**Exercise**
Give the data below again exactly as written, without its pictures.

-------- Exercise data

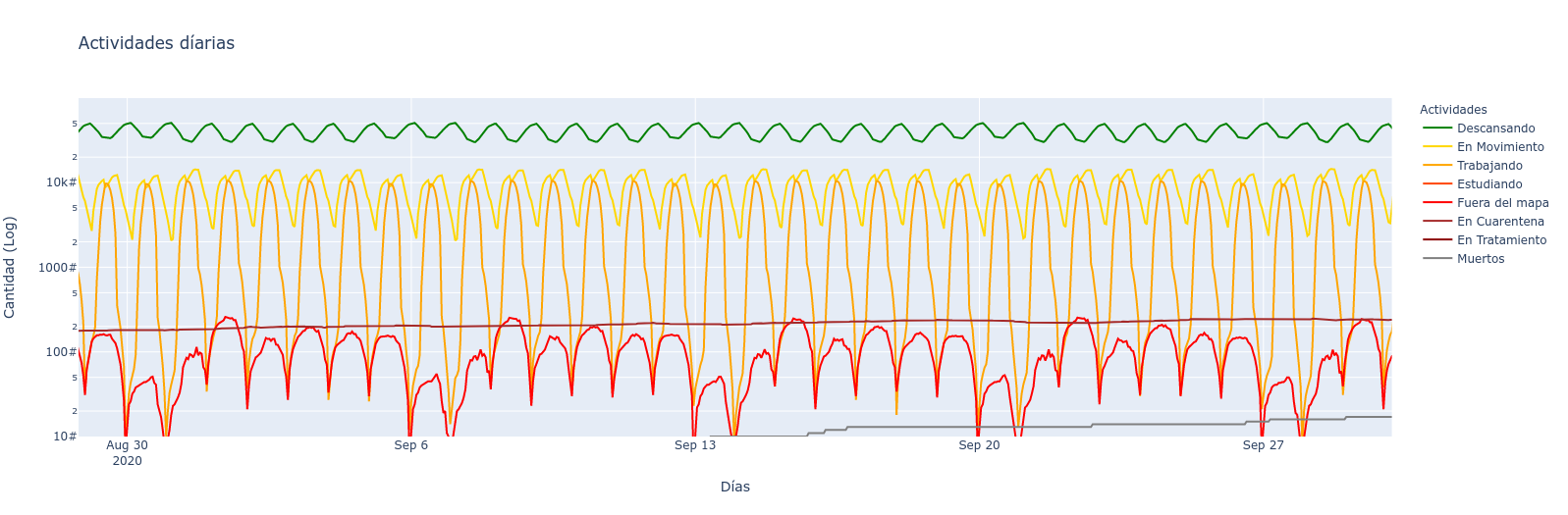 Representa la cantidad de individuos realizando cada una de las posibles actividades modeladas. Se puede apreciar como hay mayor actividad durante la semana en comparación al fin de semana. A su vez, en los horarios pico la cantidad de individuos en movimiento aumenta.
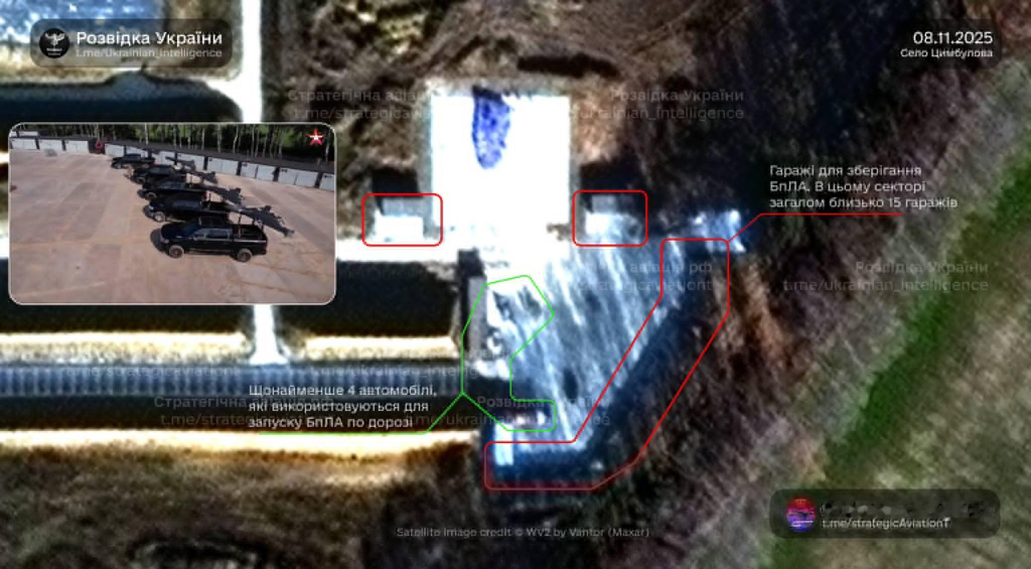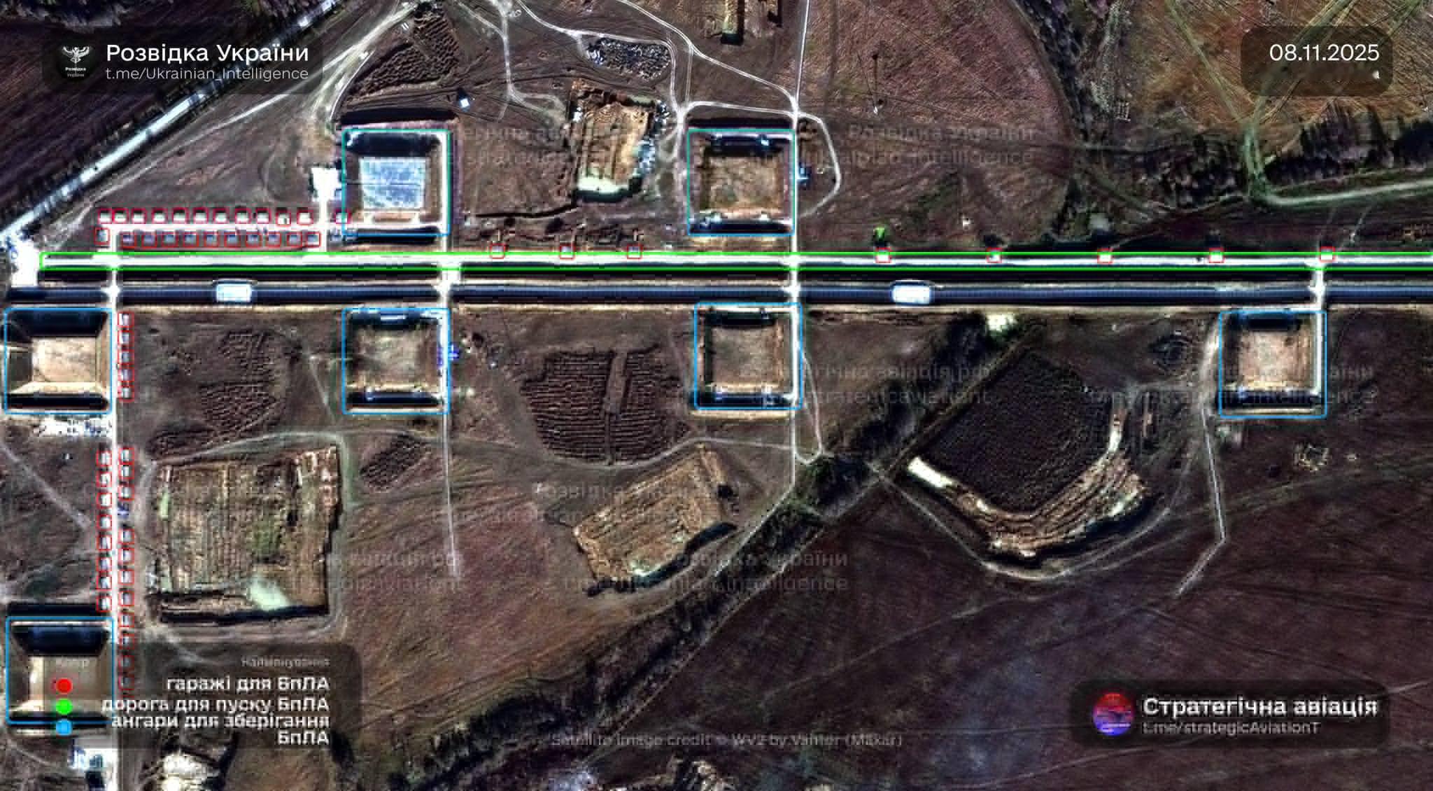 卫星图像显示,俄罗斯奥廖尔Tsymbulova附近的无人机发射场,至少有93个车库和15个无人机库房,总面积超过5平方公里,估计一天内可以发射超过500架无人机。
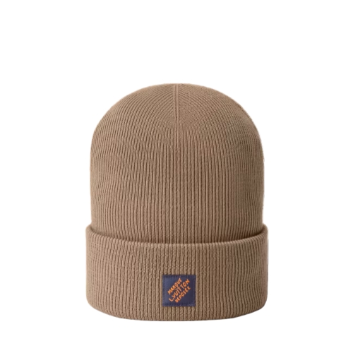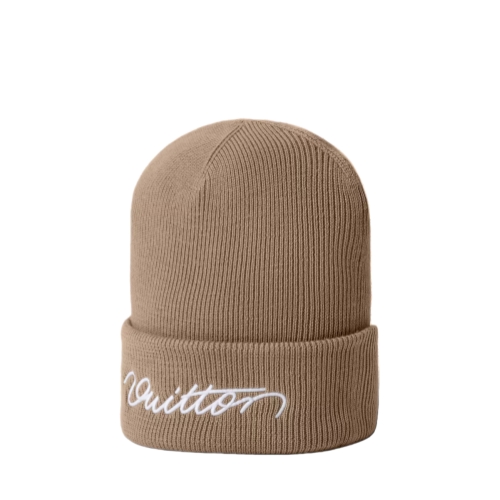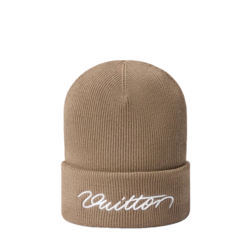 The Italian-made Signature beanie exudes an urbane spirit, the simplicity of the design amplifying its inherent confidence. The solid wool hat is adorned with a large, handwritten "Vuitton" on the front and a small woven label with the "Marque Louis Vuitton Déposée" signature at the back.
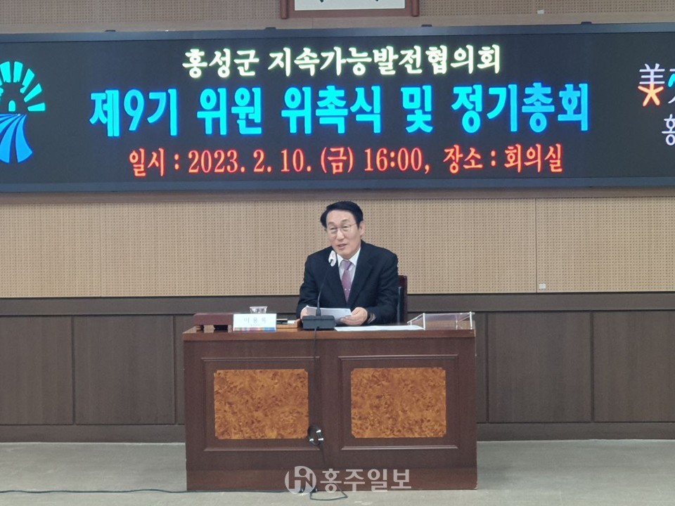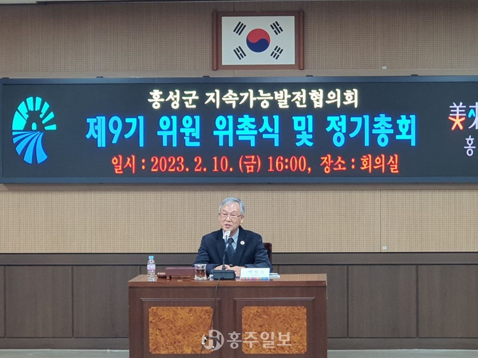 홍성지속가능발전협의회(회장 백청기)의 ‘제9기 위원 위촉식 및 정기 총회’가 지난 10일 오후 4시 홍성군청 회의실에서 개최됐다. 이 자리에서 이용록 홍성군수는 백청기 회장을 중심으로 하는 지속가능한 발전을 위해 노력하는 모습을 치하한 뒤 “요즘 기후위기에 따라 여러 가지 어려움이 있다. 홍성군에서도 ‘탄소중립’을 만들기 위해 조례를 제정하려고 준비 중이다”라며 ‘탄소중립’에 대해 강한 의지를 피력했다.
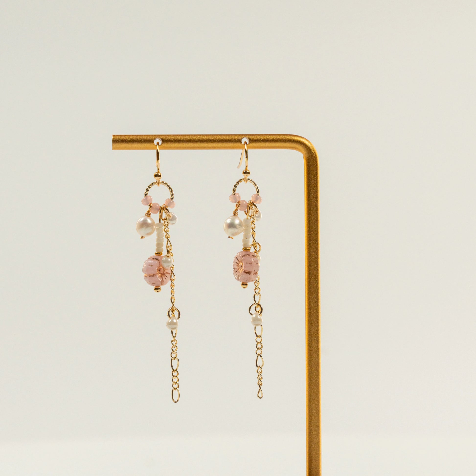 Spring-inspired earrings featuring delicate pale pink and purple flowers, accented with pearls and a long chain.
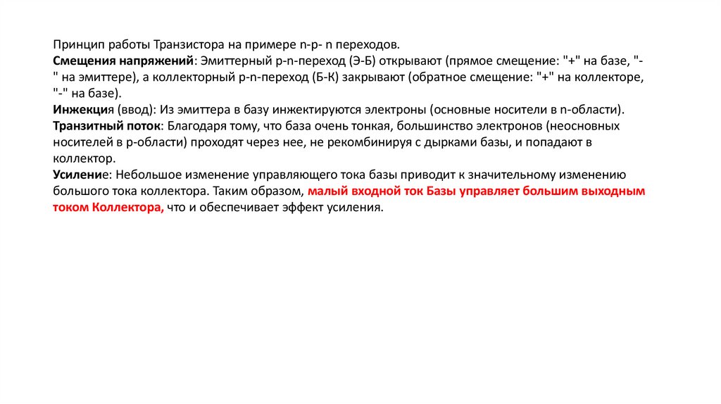 Принцип работы Транзистора на примере n-p- n переходов.Смещения напряжений: Эмиттерный p-n-переход (Э-Б) открывают (прямое смещение: "+" на базе, "" на эмиттере), а коллекторный p-n-переход (Б-К) закрывают (обратное смещение: "+" на коллекторе,
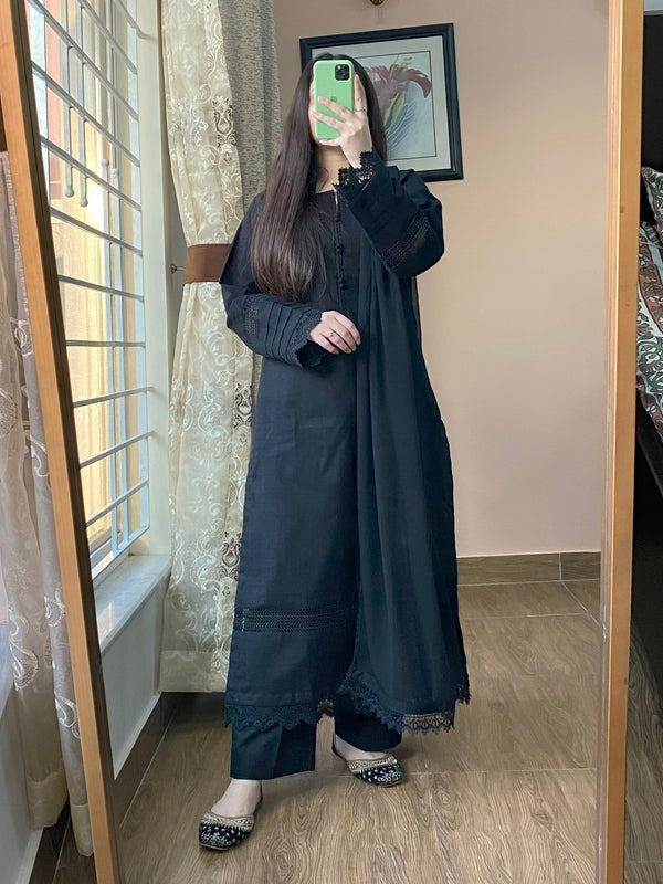 Discover timeless elegance with our Soft Khaddar Dress. Featuring a beautifully detailed neckline with lace & Button detailing, this outfit exudes sophistication. The lace continues on the sleeves & Daman adding charm to the self-design khaddar fabric. Paired with tailored-fit trousers and a pure chiffon dupatta with lace accents, it's the perfect blend of style and comfort for winter.
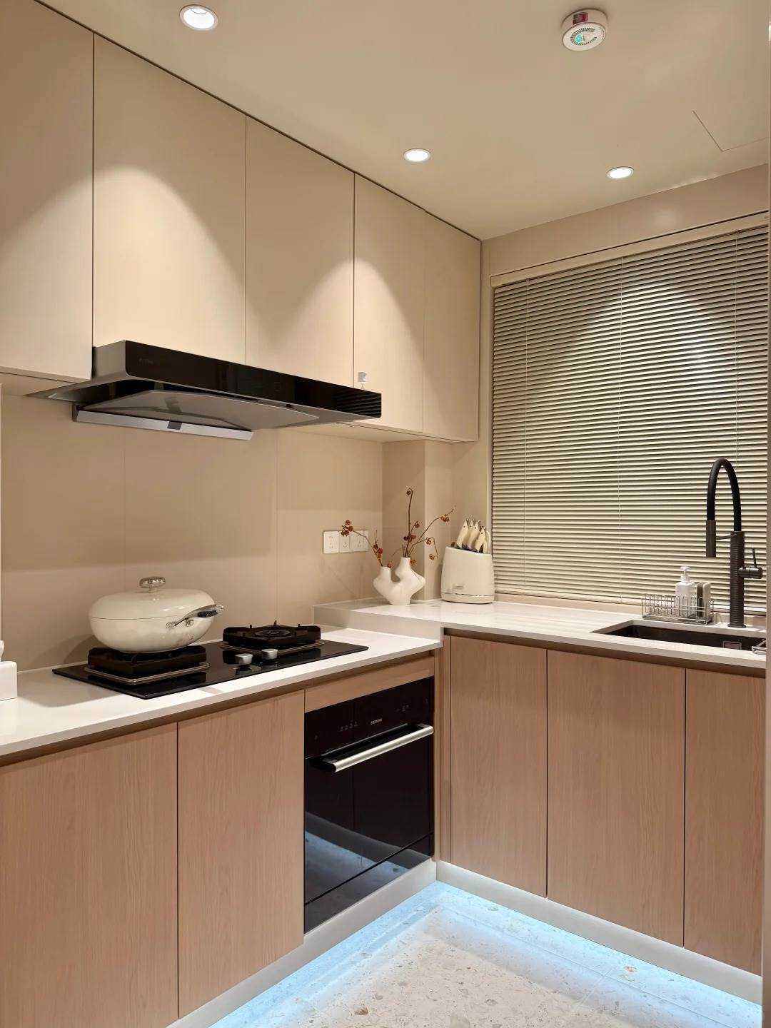 4. 色彩搭配:墻面可用米色、淡黃色系,櫥柜門板選擇啞光材質。避免大面積使用紅色裝飾,可在西南角擺放綠色小盆栽(如黃金葛)形成木生火循環。

----------------

**Response to this exercise**
 Representa la cantidad de individuos realizando cada una de las posibles actividades modeladas. Se puede apreciar como hay mayor actividad durante la semana en comparación al fin de semana. A su vez, en los horarios pico la cantidad de individuos en movimiento aumenta.
 卫星图像显示,俄罗斯奥廖尔Tsymbulova附近的无人机发射场,至少有93个车库和15个无人机库房,总面积超过5平方公里,估计一天内可以发射超过500架无人机。
 The Italian-made Signature beanie exudes an urbane spirit, the simplicity of the design amplifying its inherent confidence. The solid wool hat is adorned with a large, handwritten "Vuitton" on the front and a small woven label with the "Marque Louis Vuitton Déposée" signature at the back.
 홍성지속가능발전협의회(회장 백청기)의 ‘제9기 위원 위촉식 및 정기 총회’가 지난 10일 오후 4시 홍성군청 회의실에서 개최됐다. 이 자리에서 이용록 홍성군수는 백청기 회장을 중심으로 하는 지속가능한 발전을 위해 노력하는 모습을 치하한 뒤 “요즘 기후위기에 따라 여러 가지 어려움이 있다. 홍성군에서도 ‘탄소중립’을 만들기 위해 조례를 제정하려고 준비 중이다”라며 ‘탄소중립’에 대해 강한 의지를 피력했다.
 Spring-inspired earrings featuring delicate pale pink and purple flowers, accented with pearls and a long chain.
 Принцип работы Транзистора на примере n-p- n переходов.Смещения напряжений: Эмиттерный p-n-переход (Э-Б) открывают (прямое смещение: "+" на базе, "" на эмиттере), а коллекторный p-n-переход (Б-К) закрывают (обратное смещение: "+" на коллекторе,
 Discover timeless elegance with our Soft Khaddar Dress. Featuring a beautifully detailed neckline with lace & Button detailing, this outfit exudes sophistication. The lace continues on the sleeves & Daman adding charm to the self-design khaddar fabric. Paired with tailored-fit trousers and a pure chiffon dupatta with lace accents, it's the perfect blend of style and comfort for winter.
 4. 色彩搭配:墻面可用米色、淡黃色系,櫥柜門板選擇啞光材質。避免大面積使用紅色裝飾,可在西南角擺放綠色小盆栽(如黃金葛)形成木生火循環。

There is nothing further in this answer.